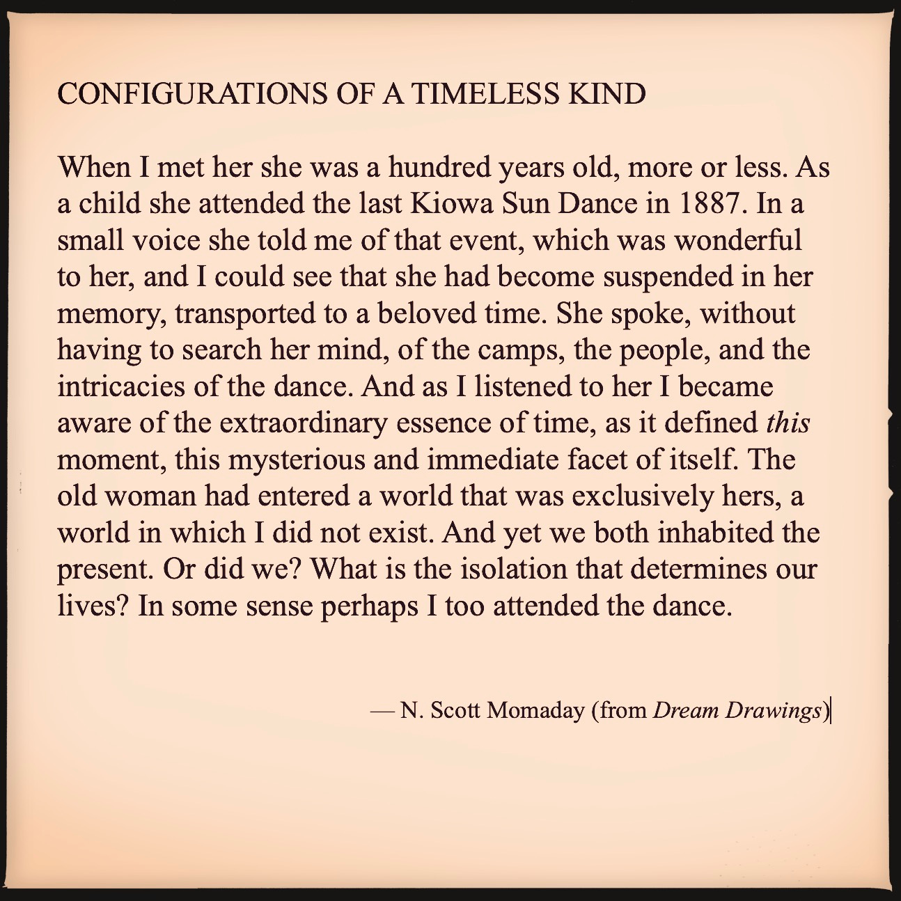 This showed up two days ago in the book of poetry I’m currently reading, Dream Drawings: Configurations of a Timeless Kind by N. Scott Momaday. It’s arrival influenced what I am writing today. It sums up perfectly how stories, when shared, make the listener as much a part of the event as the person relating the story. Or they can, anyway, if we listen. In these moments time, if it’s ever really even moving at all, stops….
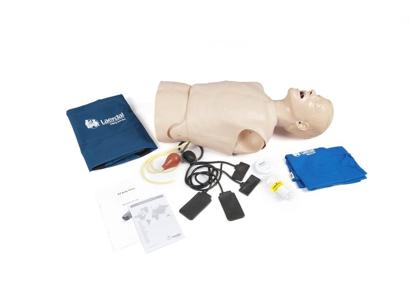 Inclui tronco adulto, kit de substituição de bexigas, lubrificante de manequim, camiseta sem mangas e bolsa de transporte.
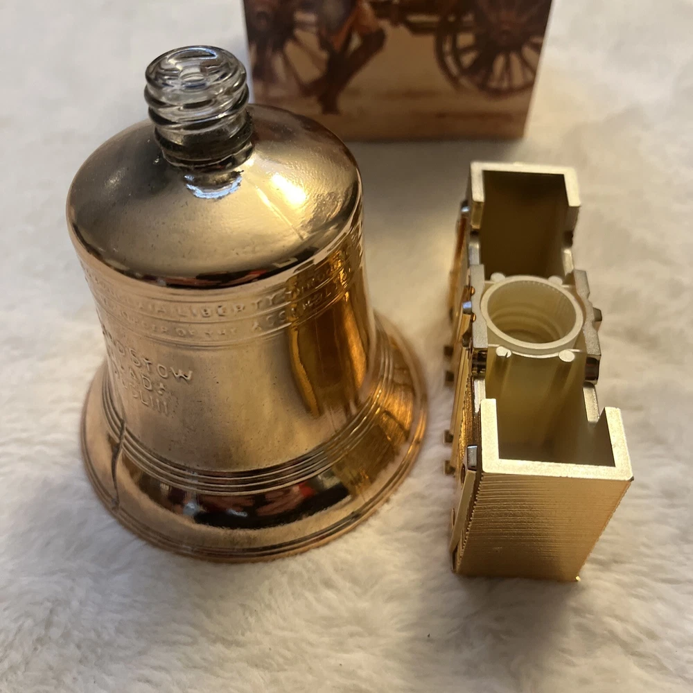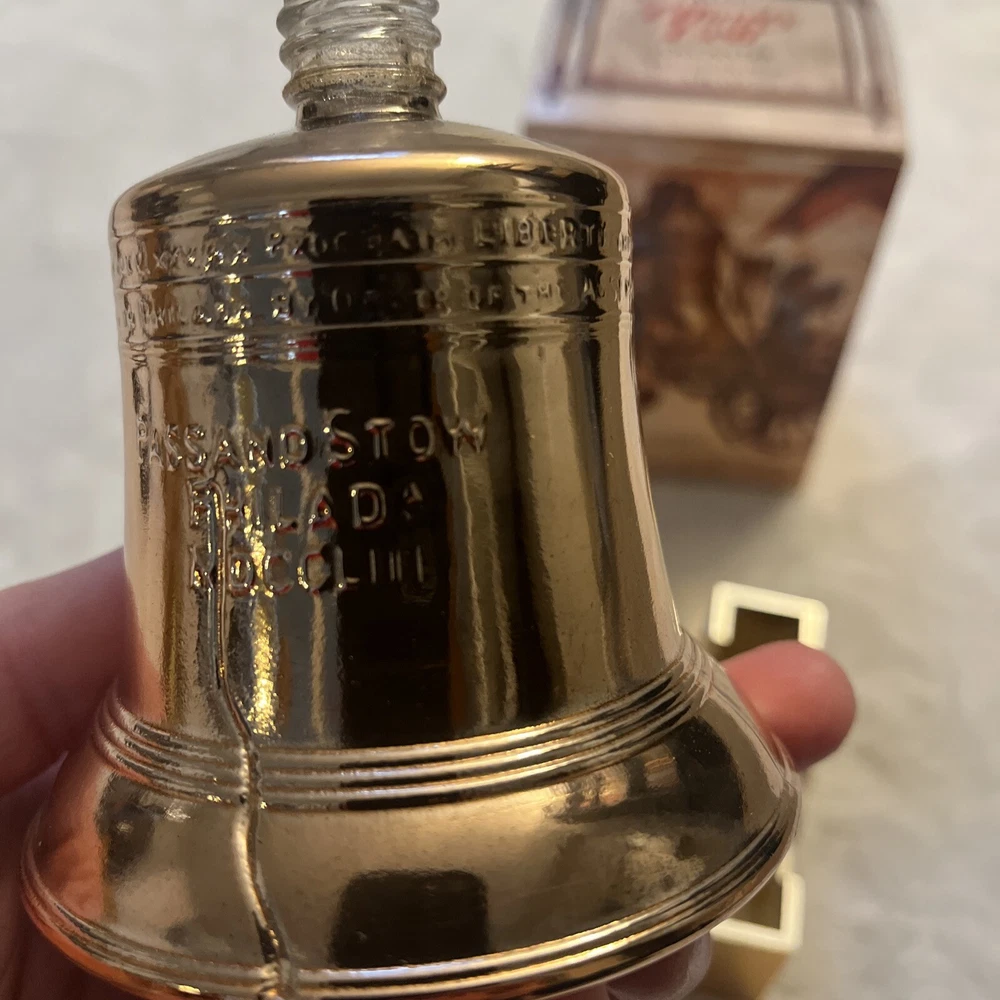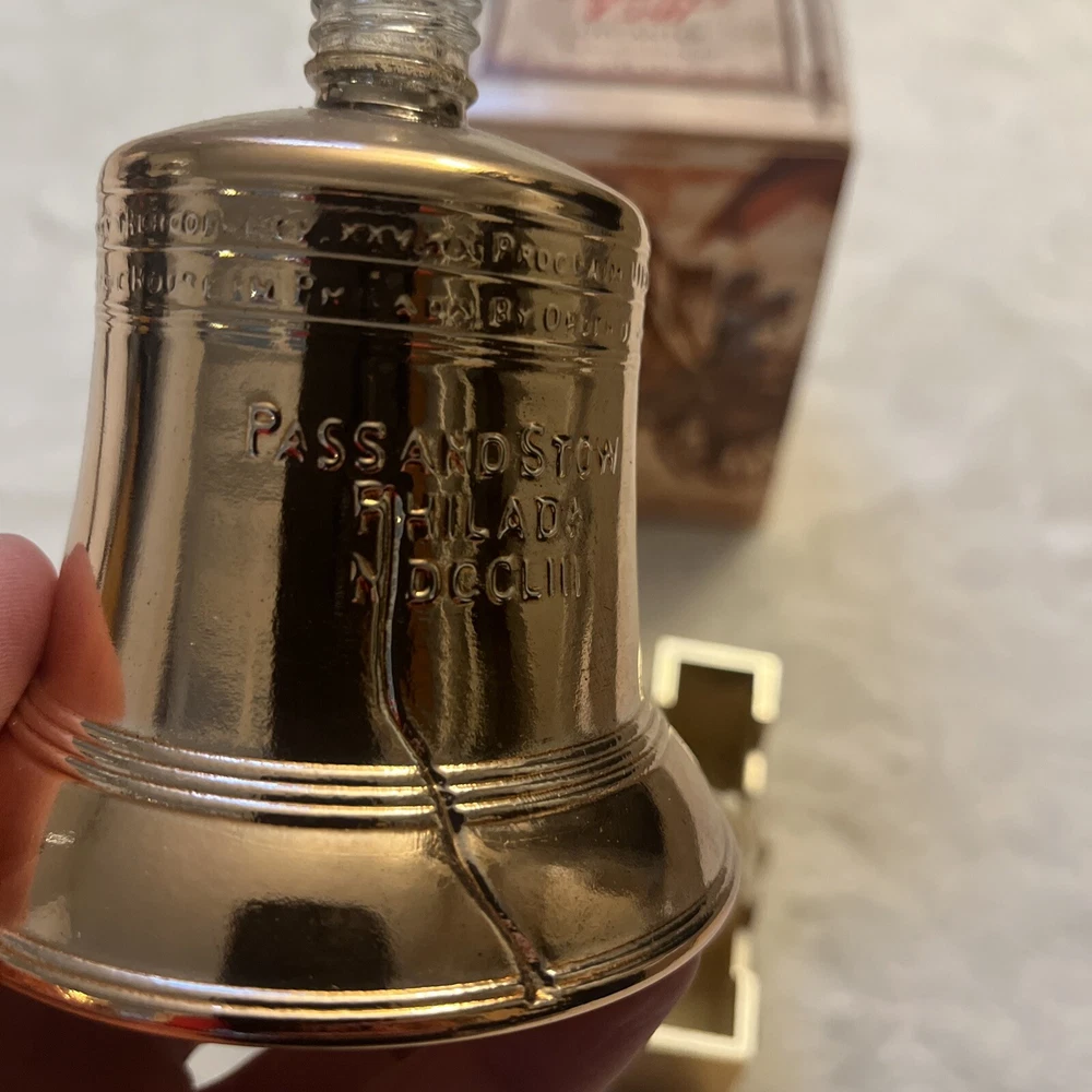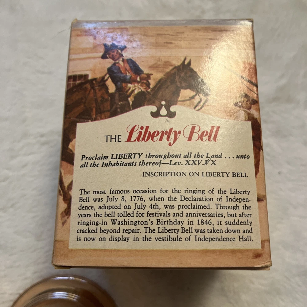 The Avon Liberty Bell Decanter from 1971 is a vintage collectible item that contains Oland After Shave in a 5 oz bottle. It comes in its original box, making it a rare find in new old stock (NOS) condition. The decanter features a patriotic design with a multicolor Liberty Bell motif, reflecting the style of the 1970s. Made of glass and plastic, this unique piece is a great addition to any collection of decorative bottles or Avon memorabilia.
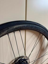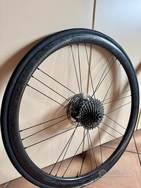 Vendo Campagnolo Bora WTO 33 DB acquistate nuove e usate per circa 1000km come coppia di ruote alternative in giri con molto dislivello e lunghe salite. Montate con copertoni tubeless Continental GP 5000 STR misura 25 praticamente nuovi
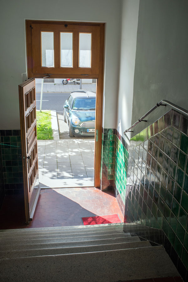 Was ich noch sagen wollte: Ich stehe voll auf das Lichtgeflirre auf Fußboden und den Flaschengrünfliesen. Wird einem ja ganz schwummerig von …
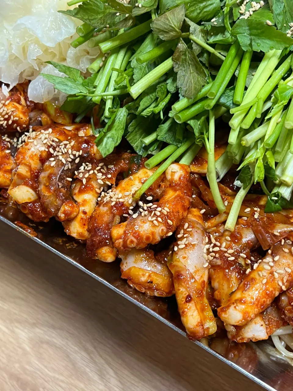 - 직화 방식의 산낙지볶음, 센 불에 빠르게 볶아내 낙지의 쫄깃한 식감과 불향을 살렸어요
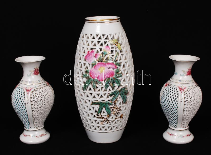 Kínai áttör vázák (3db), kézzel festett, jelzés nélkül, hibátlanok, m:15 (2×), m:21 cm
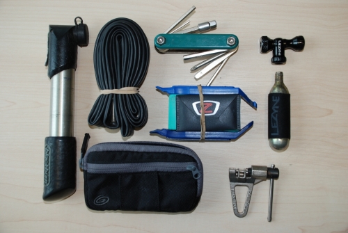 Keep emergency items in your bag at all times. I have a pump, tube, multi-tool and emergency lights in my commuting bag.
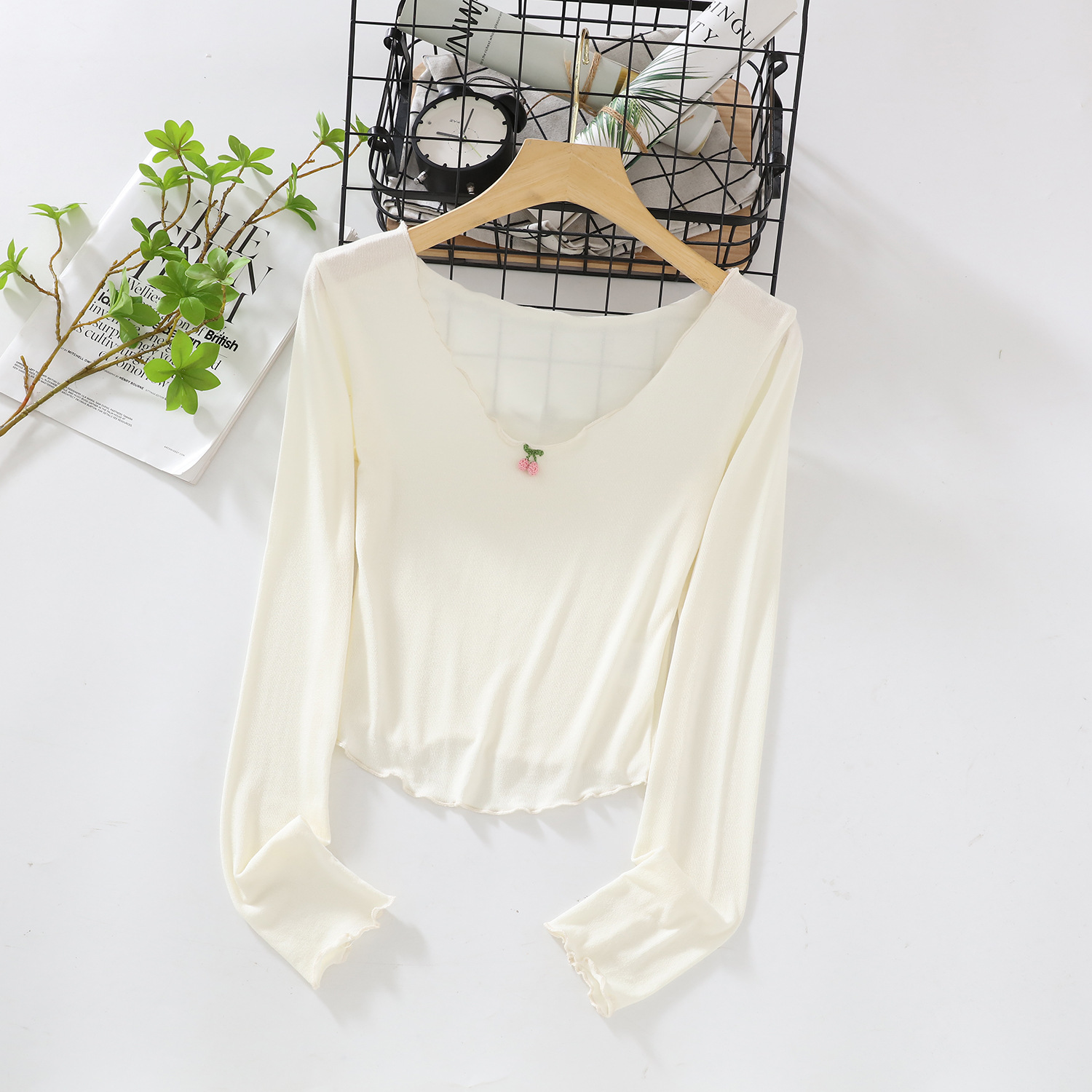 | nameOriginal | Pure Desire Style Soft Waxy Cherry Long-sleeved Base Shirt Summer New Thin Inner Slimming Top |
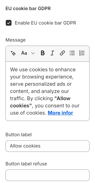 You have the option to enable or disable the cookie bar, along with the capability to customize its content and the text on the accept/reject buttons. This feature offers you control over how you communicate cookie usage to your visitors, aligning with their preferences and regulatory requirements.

▬▬▬▬▬▬

■ Task ■
Write the material above out again exactly as it reads, but don't carry over the pictures.

■ Task solution ■
 This showed up two days ago in the book of poetry I’m currently reading, Dream Drawings: Configurations of a Timeless Kind by N. Scott Momaday. It’s arrival influenced what I am writing today. It sums up perfectly how stories, when shared, make the listener as much a part of the event as the person relating the story. Or they can, anyway, if we listen. In these moments time, if it’s ever really even moving at all, stops….
 Inclui tronco adulto, kit de substituição de bexigas, lubrificante de manequim, camiseta sem mangas e bolsa de transporte.
 The Avon Liberty Bell Decanter from 1971 is a vintage collectible item that contains Oland After Shave in a 5 oz bottle. It comes in its original box, making it a rare find in new old stock (NOS) condition. The decanter features a patriotic design with a multicolor Liberty Bell motif, reflecting the style of the 1970s. Made of glass and plastic, this unique piece is a great addition to any collection of decorative bottles or Avon memorabilia.
 Vendo Campagnolo Bora WTO 33 DB acquistate nuove e usate per circa 1000km come coppia di ruote alternative in giri con molto dislivello e lunghe salite. Montate con copertoni tubeless Continental GP 5000 STR misura 25 praticamente nuovi
 Was ich noch sagen wollte: Ich stehe voll auf das Lichtgeflirre auf Fußboden und den Flaschengrünfliesen. Wird einem ja ganz schwummerig von …
 - 직화 방식의 산낙지볶음, 센 불에 빠르게 볶아내 낙지의 쫄깃한 식감과 불향을 살렸어요
 Kínai áttör vázák (3db), kézzel festett, jelzés nélkül, hibátlanok, m:15 (2×), m:21 cm
 Keep emergency items in your bag at all times. I have a pump, tube, multi-tool and emergency lights in my commuting bag.
 | nameOriginal | Pure Desire Style Soft Waxy Cherry Long-sleeved Base Shirt Summer New Thin Inner Slimming Top |
 You have the option to enable or disable the cookie bar, along with the capability to customize its content and the text on the accept/reject buttons. This feature offers you control over how you communicate cookie usage to your visitors, aligning with their preferences and regulatory requirements.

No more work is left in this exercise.